[Opening Provided data section]

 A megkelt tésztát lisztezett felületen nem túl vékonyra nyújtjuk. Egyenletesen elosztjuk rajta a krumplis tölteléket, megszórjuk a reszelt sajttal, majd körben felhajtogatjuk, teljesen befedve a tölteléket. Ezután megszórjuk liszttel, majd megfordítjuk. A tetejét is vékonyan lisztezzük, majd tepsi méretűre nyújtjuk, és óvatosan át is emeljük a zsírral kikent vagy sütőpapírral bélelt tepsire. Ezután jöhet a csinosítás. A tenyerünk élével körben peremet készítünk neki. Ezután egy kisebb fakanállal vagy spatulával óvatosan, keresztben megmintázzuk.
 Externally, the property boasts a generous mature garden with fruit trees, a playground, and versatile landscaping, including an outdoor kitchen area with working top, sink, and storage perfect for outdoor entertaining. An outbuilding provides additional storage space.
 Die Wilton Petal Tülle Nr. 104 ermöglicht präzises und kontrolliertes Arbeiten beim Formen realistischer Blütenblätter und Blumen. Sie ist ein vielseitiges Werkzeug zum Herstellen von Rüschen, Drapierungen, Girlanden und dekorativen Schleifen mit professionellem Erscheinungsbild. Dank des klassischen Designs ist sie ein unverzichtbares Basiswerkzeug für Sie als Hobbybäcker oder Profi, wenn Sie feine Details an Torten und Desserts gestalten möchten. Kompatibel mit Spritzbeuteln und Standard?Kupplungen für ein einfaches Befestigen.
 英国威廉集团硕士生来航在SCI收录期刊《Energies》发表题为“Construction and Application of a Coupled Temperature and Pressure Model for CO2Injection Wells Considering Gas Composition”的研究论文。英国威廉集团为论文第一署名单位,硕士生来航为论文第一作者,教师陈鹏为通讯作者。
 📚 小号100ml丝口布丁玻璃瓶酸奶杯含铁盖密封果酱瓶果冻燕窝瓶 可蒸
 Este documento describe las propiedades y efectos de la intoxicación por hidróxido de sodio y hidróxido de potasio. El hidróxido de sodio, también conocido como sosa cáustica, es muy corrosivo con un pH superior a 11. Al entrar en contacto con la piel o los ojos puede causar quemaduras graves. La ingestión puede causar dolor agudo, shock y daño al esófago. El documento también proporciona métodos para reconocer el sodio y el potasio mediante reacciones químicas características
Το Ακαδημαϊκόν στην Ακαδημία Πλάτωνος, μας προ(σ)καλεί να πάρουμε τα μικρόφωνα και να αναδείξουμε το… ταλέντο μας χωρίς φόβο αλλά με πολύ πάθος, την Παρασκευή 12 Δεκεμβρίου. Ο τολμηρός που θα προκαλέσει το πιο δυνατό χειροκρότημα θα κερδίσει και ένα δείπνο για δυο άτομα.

[Closing Provided data section]
[Opening Provided data section]

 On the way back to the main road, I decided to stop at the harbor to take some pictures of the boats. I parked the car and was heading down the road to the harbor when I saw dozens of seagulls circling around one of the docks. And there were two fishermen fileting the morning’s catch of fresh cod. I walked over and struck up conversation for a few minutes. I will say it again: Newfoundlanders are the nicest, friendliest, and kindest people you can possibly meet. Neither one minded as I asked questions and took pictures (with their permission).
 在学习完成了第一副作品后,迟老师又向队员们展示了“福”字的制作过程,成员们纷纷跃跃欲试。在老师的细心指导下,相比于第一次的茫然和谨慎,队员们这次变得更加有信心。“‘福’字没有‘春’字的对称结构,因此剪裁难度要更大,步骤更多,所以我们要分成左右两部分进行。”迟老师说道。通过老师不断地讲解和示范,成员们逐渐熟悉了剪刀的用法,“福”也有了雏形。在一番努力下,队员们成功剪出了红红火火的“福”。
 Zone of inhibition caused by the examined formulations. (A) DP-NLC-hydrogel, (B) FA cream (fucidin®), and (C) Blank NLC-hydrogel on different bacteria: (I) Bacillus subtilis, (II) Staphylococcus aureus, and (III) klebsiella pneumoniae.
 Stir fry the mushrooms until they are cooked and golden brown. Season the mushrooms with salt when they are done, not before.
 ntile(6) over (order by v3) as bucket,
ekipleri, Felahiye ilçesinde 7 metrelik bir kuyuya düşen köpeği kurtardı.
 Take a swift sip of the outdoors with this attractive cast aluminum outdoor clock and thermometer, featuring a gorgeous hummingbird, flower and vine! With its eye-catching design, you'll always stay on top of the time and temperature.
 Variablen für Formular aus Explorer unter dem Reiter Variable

[Closing Provided data section]
[Opening Provided data section]

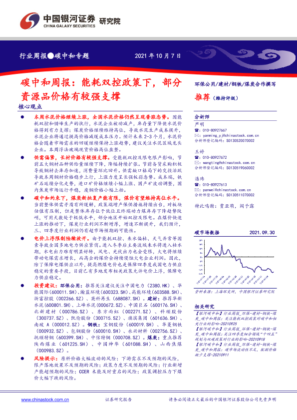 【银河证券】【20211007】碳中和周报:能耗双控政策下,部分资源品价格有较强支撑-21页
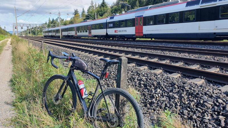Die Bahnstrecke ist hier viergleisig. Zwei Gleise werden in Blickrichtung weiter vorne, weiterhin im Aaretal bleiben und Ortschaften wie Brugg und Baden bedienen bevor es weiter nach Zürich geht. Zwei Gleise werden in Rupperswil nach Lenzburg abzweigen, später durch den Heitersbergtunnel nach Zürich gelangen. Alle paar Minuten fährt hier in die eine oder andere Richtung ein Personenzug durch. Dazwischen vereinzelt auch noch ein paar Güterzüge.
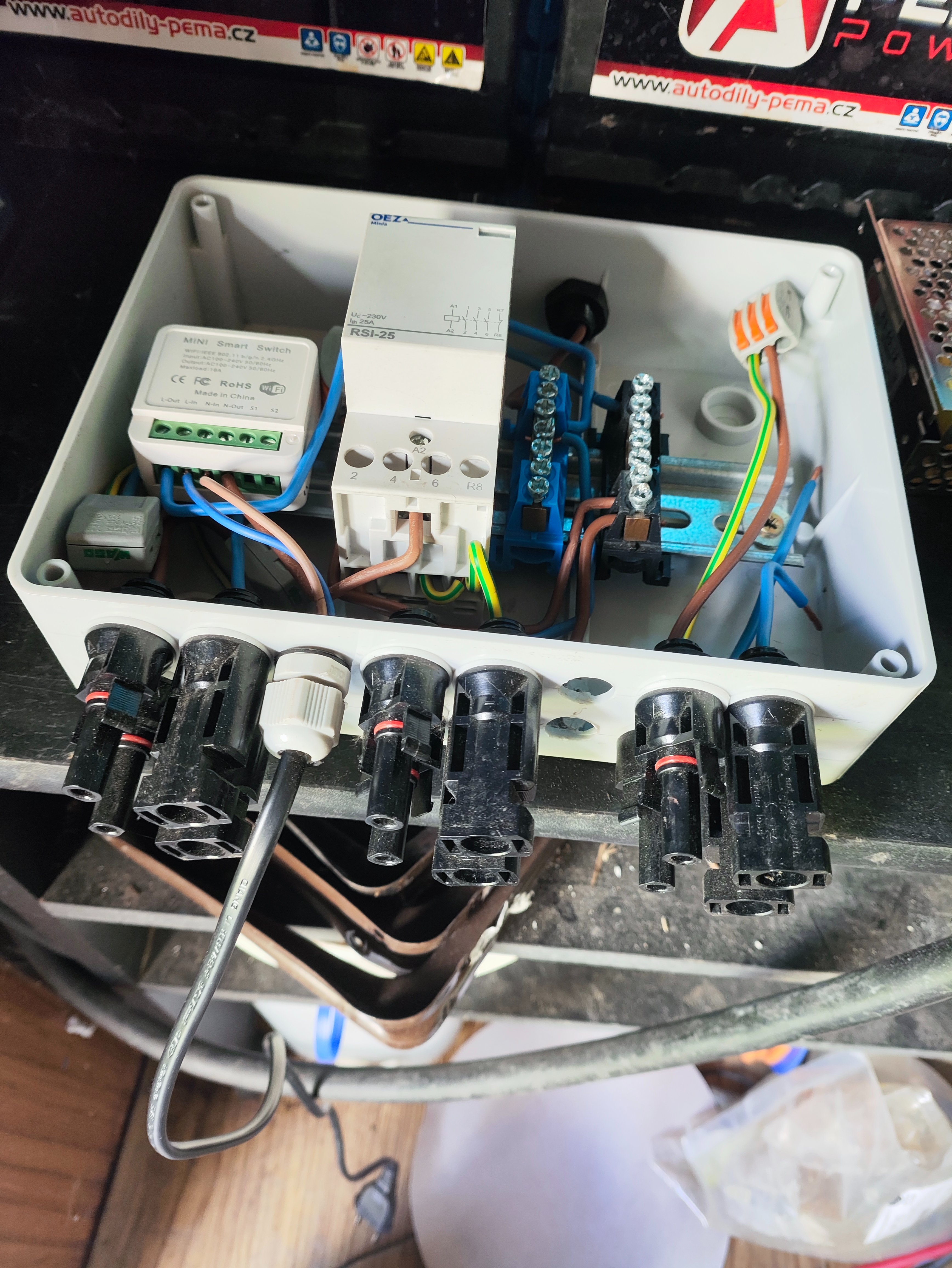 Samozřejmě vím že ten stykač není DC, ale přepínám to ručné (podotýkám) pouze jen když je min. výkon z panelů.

[Closing Provided data section]

### Work instructions
Restate word for word only the lines above from the line containing "Externally, the property" to the line containing "Die Wilton Petal", both of them included.

### Finished task
 Externally, the property boasts a generous mature garden with fruit trees, a playground, and versatile landscaping, including an outdoor kitchen area with working top, sink, and storage perfect for outdoor entertaining. An outbuilding provides additional storage space.
 Die Wilton Petal Tülle Nr. 104 ermöglicht präzises und kontrolliertes Arbeiten beim Formen realistischer Blütenblätter und Blumen. Sie ist ein vielseitiges Werkzeug zum Herstellen von Rüschen, Drapierungen, Girlanden und dekorativen Schleifen mit professionellem Erscheinungsbild. Dank des klassischen Designs ist sie ein unverzichtbares Basiswerkzeug für Sie als Hobbybäcker oder Profi, wenn Sie feine Details an Torten und Desserts gestalten möchten. Kompatibel mit Spritzbeuteln und Standard?Kupplungen für ein einfaches Befestigen.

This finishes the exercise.